Until my teens I was ignorant of factory farming. The moment that opened my eyes to the realities was when a speaker from Compassion in World Farming came to my school to do a talk. I remember being horrified at the pictures of pigs and calves in factory farms. The hens in battery cages and how they couldn’t flap their wings, never mind fly particularly upset me. I thought about the wild birds that mesmerised me. The hens in cages seemed a crime. I was outraged, and I vowed to do something about it.
Whilst it was my passion for animal welfare that led me to campaign against factory farming, it’s become obvious over the past few years that ending factory farming is non-negotiable if we want to secure a safe future for our children.
With nearly half the world’s usable land surface devoted to agriculture, the way we feed ourselves is now a dominant activity on the planet, affecting not only animals but also the natural ecosystems on which human society depends.
Some 75 billion farm animals are reared for food every year, two-thirds of them on factory farms, with numbers growing all the time. Together, they emit almost a sixth of all global greenhouse gas emissions; that’s more than all the world’s planes, trains and cars put together.
Fortunately, there is another way and I’ve met farmers all around the world, who’ve put their animals back into their ecological niche on the land.
Instead of feeding most of the world’s cereals and grain to animals, we should rear animals on pasture converting things people can’t eat – grass and crop residues – into things that they can eat: meat, mill and eggs.
Embracing regenerative, land-based ways of keeping farm animals would not only provide scope for higher welfare, but it could also go a long way to feeding the world. If we cut by half the amount of cereals and meat fed to farm animals, it would free up enough food for an extra 2 billion people.
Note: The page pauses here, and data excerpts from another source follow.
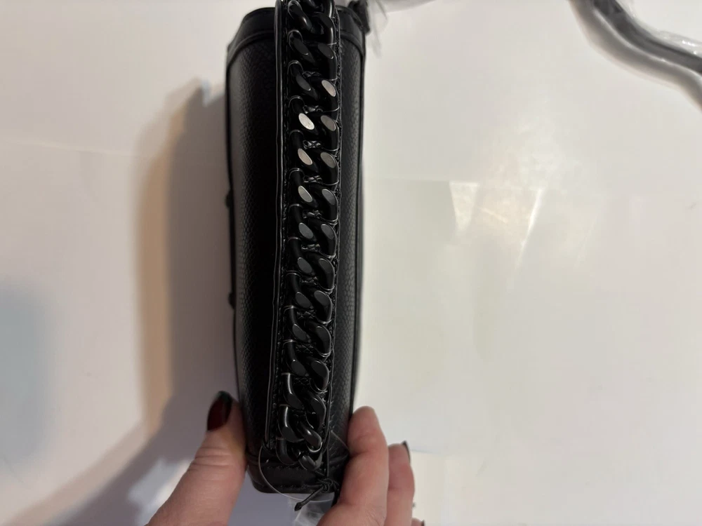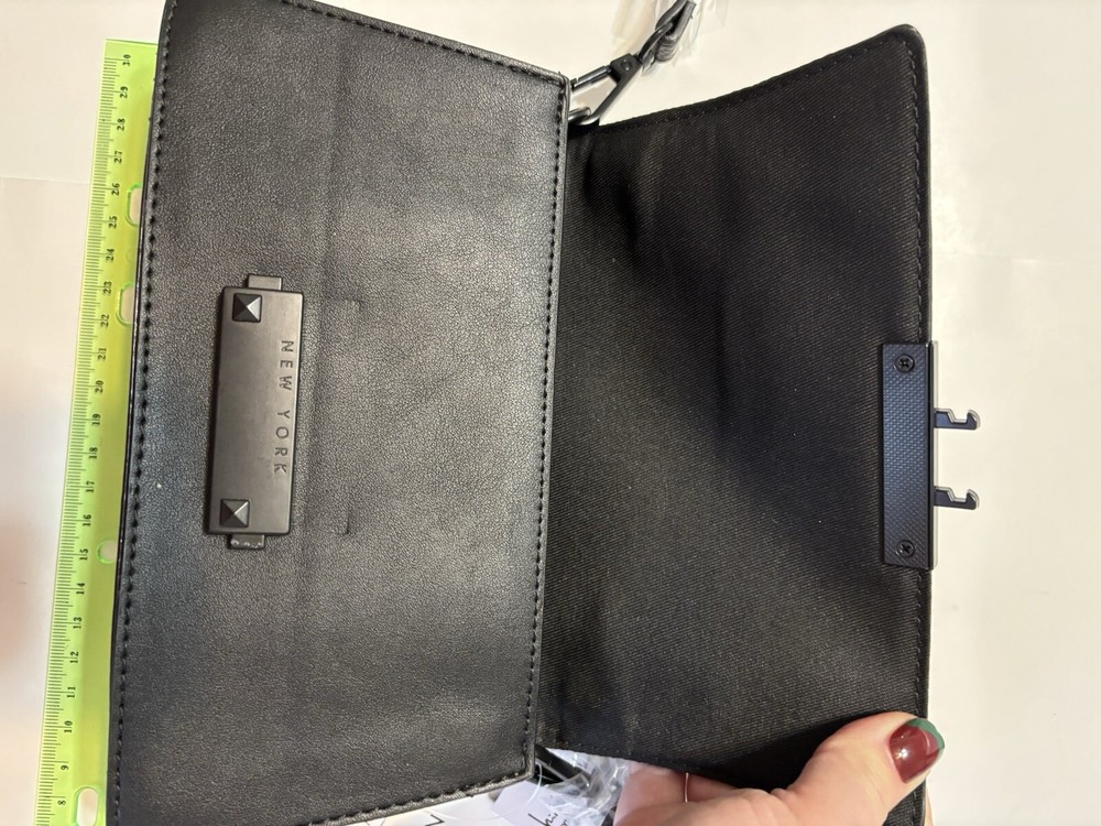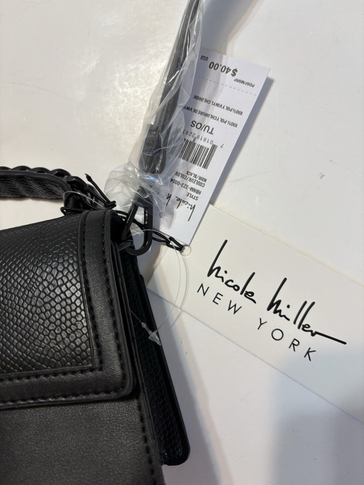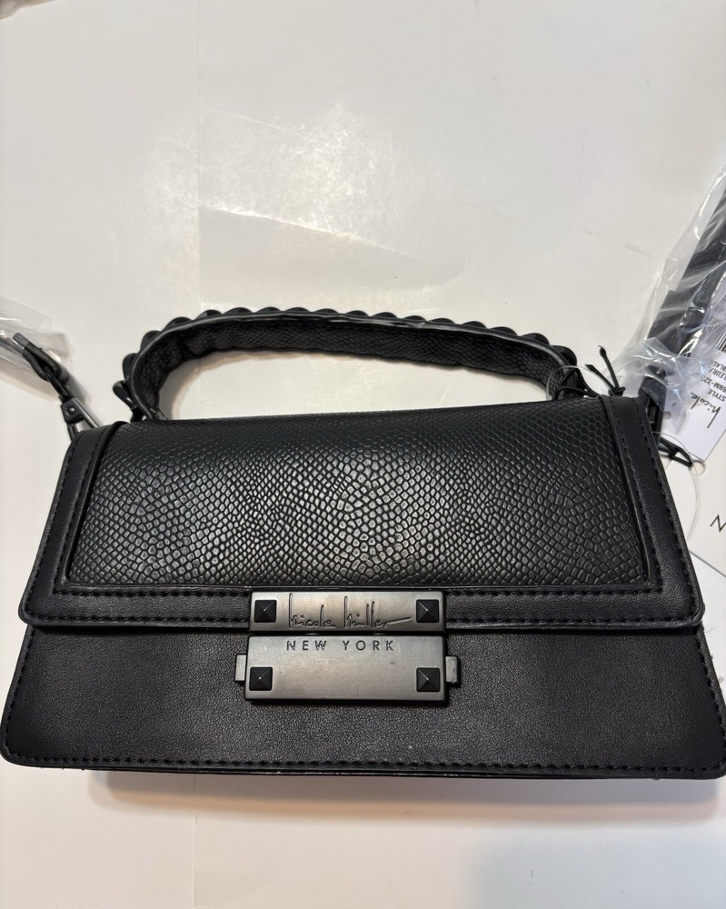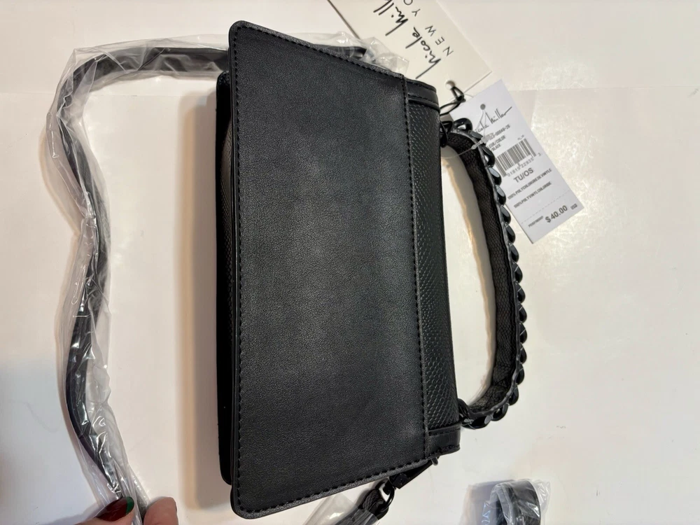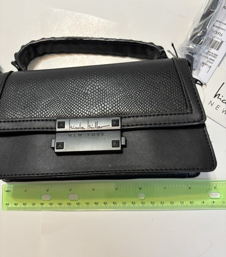 This Nicole Miller NY crossbody bag is a must-have for any stylish woman. With a sleek black exterior made of polyvinylchloride, this bag is perfect for any occasion, whether it's for travel, a party/cocktail event, or just for casual use. The bag features a top handle, an adjustable strap drop, and a squeeze fastener closure for added convenience. In addition to its functional features, this bag also boasts several stylish aspects, including a rectangular shape, inner card pockets and a lightweight design. The bag's exterior color is black, while the lining color is also black. The handle/strap material is made of PVC, and the hardware color is black. This small satchel is perfect for anyone who wants to add a touch of sophistication to their outfit without compromising on practicality.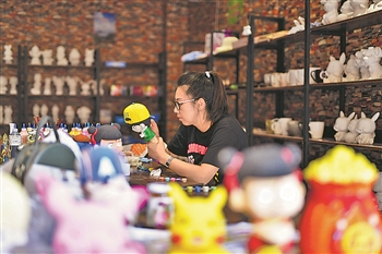 9月15日,河北省迁安市天元谷旅游度假区一家店铺的工作人员在制作文创产品。近年来,该市依托当地旅游资源,将文旅产业与乡村振兴、生态保护、城市建设等工作相结合,打造多种业态融合支撑的全域旅游新格局。新华社记者 牟宇 摄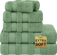 American Soft Linen Salem Turkish Bath Towel Set, 100% Cotton 600 GSM 6 Piece Towels for Bathroom, 2 Bath Towels 2 Hand Towels 2 Washcloths, Sage Green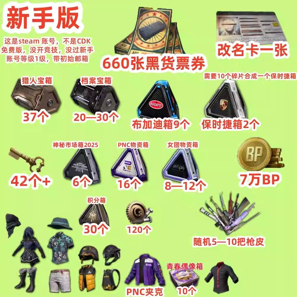 绝地求生账号PUBG吃鸡皮肤黑货票券号开成长武器保时捷跑车开箱号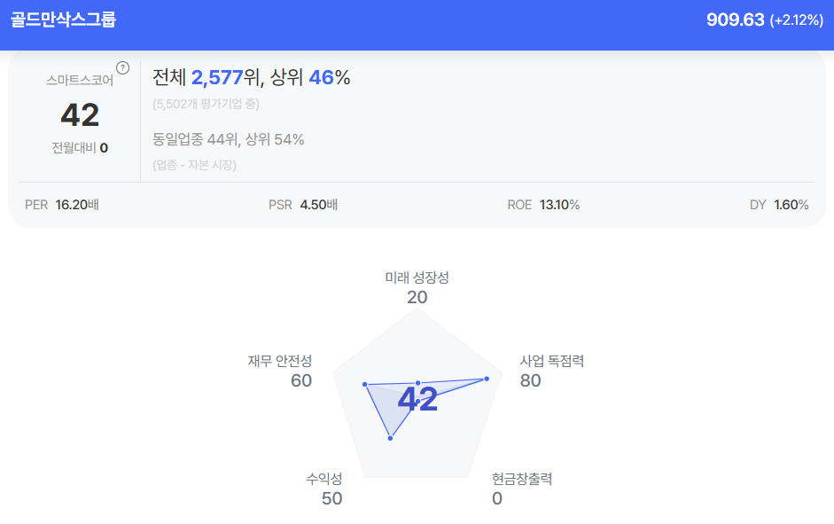 | 골드만삭스 종목진단 (출처=초이스스탁) |
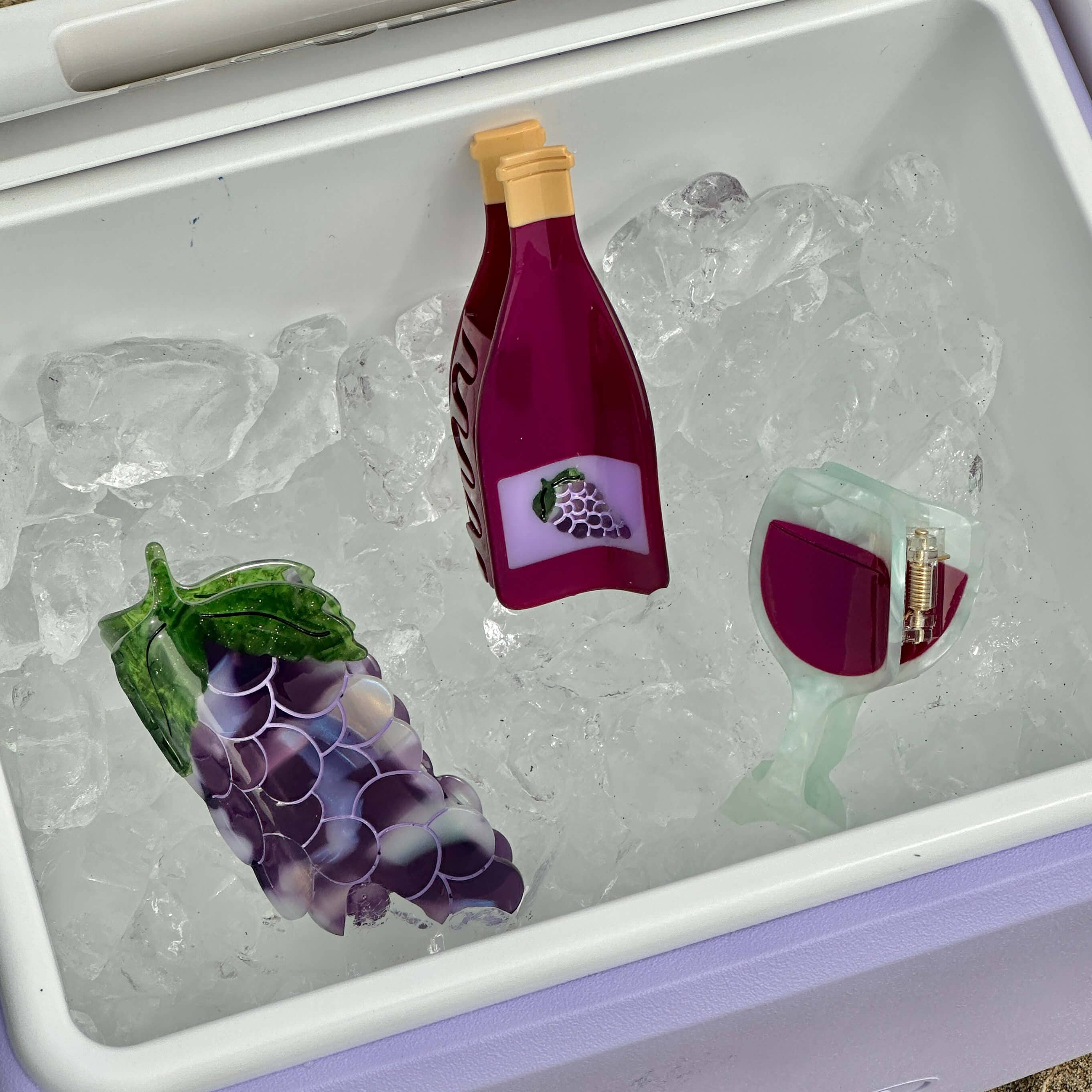 Uncork some style! This red wine bottle hair claw is a 4" x 1.5" food-themed clip made from eco-friendly cellulose acetate. Hand-painted with juicy grape details and a vintage-style label, it’s the perfect sustainable hair accessory for wine lovers, dinner party queens, and anyone craving a little vineyard-inspired flair.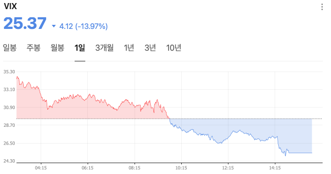 ✅VIX지수 : 25.37 (패닉 발생 : 기회가 생기는 구간)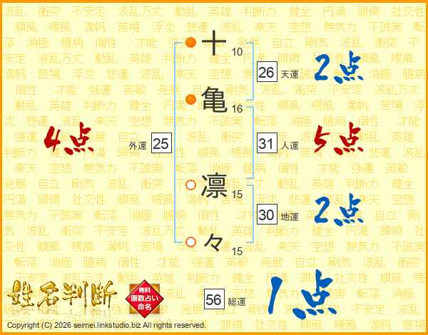 十亀凛々さんの天運は26画の2点!
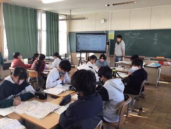 6年1組では、算数「比例と反比例」で、比例のグラフについて考えていました。チーム隊形にはしていま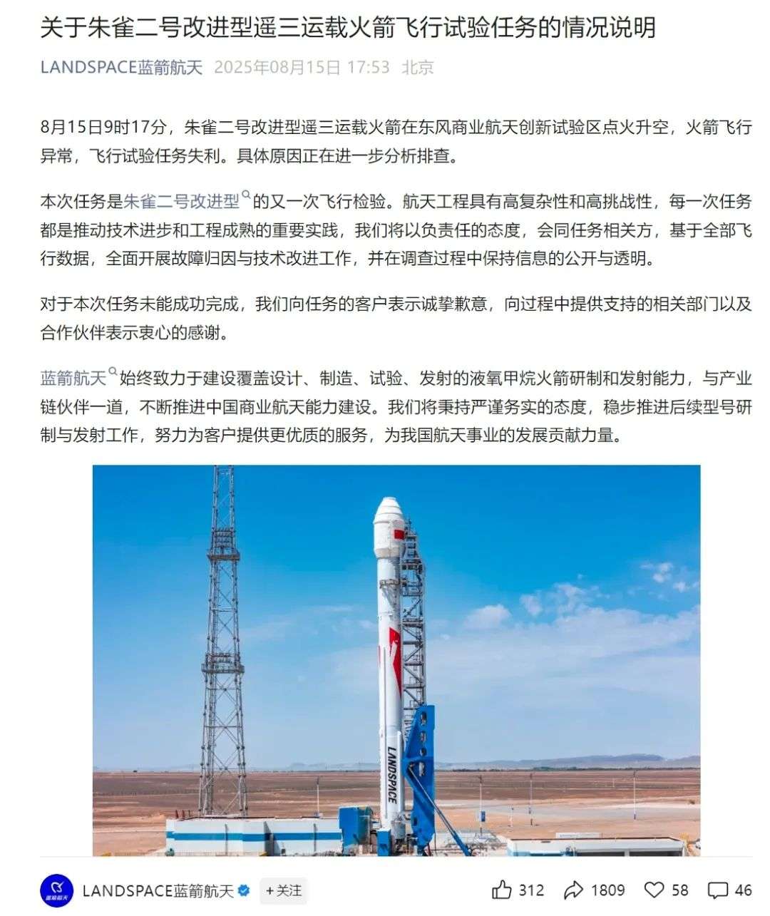 当天下午5点53分,蓝箭航天官方公众号发文称,上述飞行试验失利的具体原因正在进一步分析排查,并对此致歉。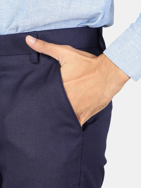Blue solid mid-rise formal trousers, has a waistband with belt loops, zip fly with a button closure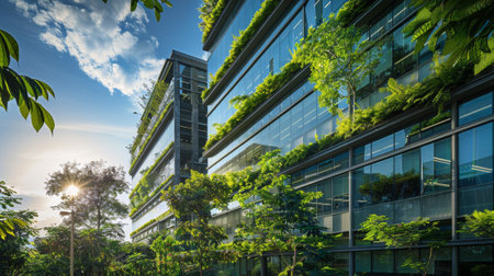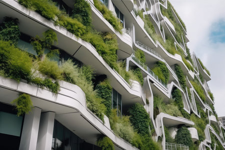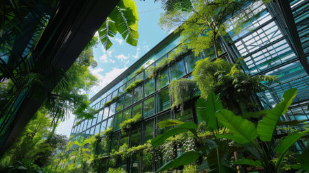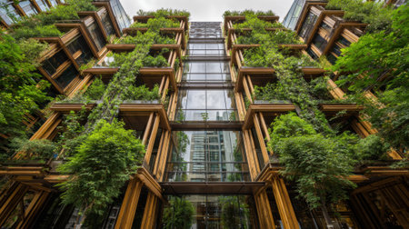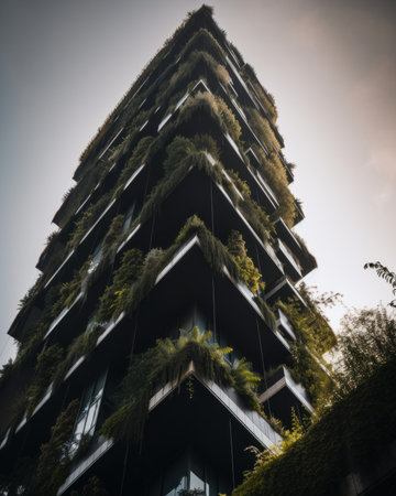 Experience the harmonious blend of nature and architecture in this captivating image of green architecture. Witness a skyscraper building adorned with plants growing on its facade, creating a vertical green oasis that breathes life and beauty into the urban environment.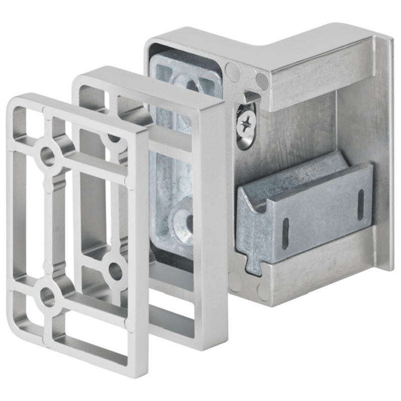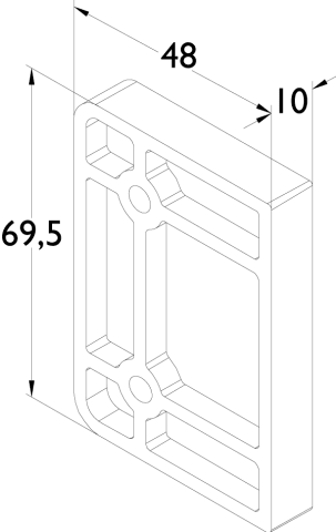 Wandabstandsplatte zu Gegenkasten 6709, 10 mm hoch, ohne Befestigungsschrauben, links/rechts verwendbar, Oberfl. 20 (Edelstahlfarben)
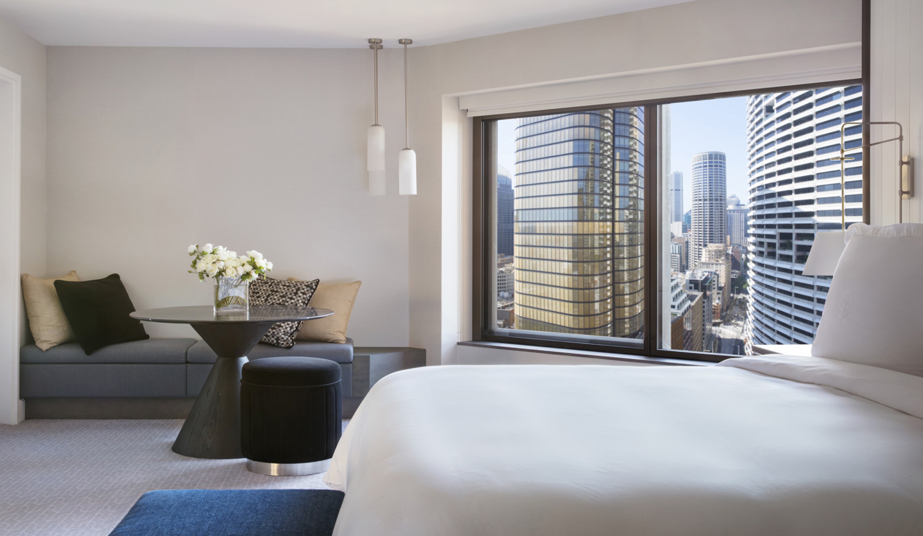 시드니의 활기찬 분위기를 반영하도록 디자인된 포시즌스 호텔 시드니의 시티 스튜디오 스위트는 현대적인 스타일과 파노라마처럼 펼쳐지는 시드니 스카이라인 및 도시 전망이 조화를 이룹니다. 우아한 라운지에서 반짝이는 도시의 불빛을 감상하고 잠들기 전 가벼운 술 한 잔으로 휴식을 취하며 시드니 중심 업무 지구의 중심부에서 세련된 휴식을 경험해 보세요.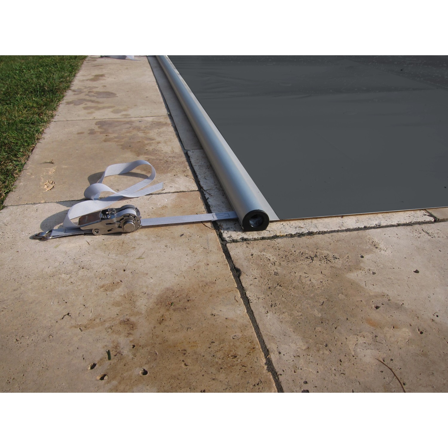 Die anthrazitfarbige Pool-Rollabdeckung Flex von Chemoform ist eine neue innovative Abdeckung, die alle Vorteile einer herkömmlichen Rollabdeckung hat und noch ein paar mehr. Ihr Trägersystem bietet stärkere Träger bei kleinerem Gewicht. Die Träger sind problemlos bis 100 kg belastbar, ohne dass sie sich dabei langfristig verformen.

I believe that all animals deserve to feel the joy of living – the fresh air, sunlight on their backs and space to roam. What I’ve discovered through my travels for Compassion is that when animals are returned to the land in the right way, in mixed rotational farms, whole landscapes have the chance to spring to life.
Helping to revive a living countryside can be as easy as eating more plant-based meals – with a cascade of positive benefits for the environment, wildlife, farm animals and us.
Philip Lymbery is Chief Executive of Compassion in World Farming, the leading international farm animal welfare organisation, and author of Dead Zone: Where the Wild Things Were published by Bloomsbury in paperback, 8 March 2018.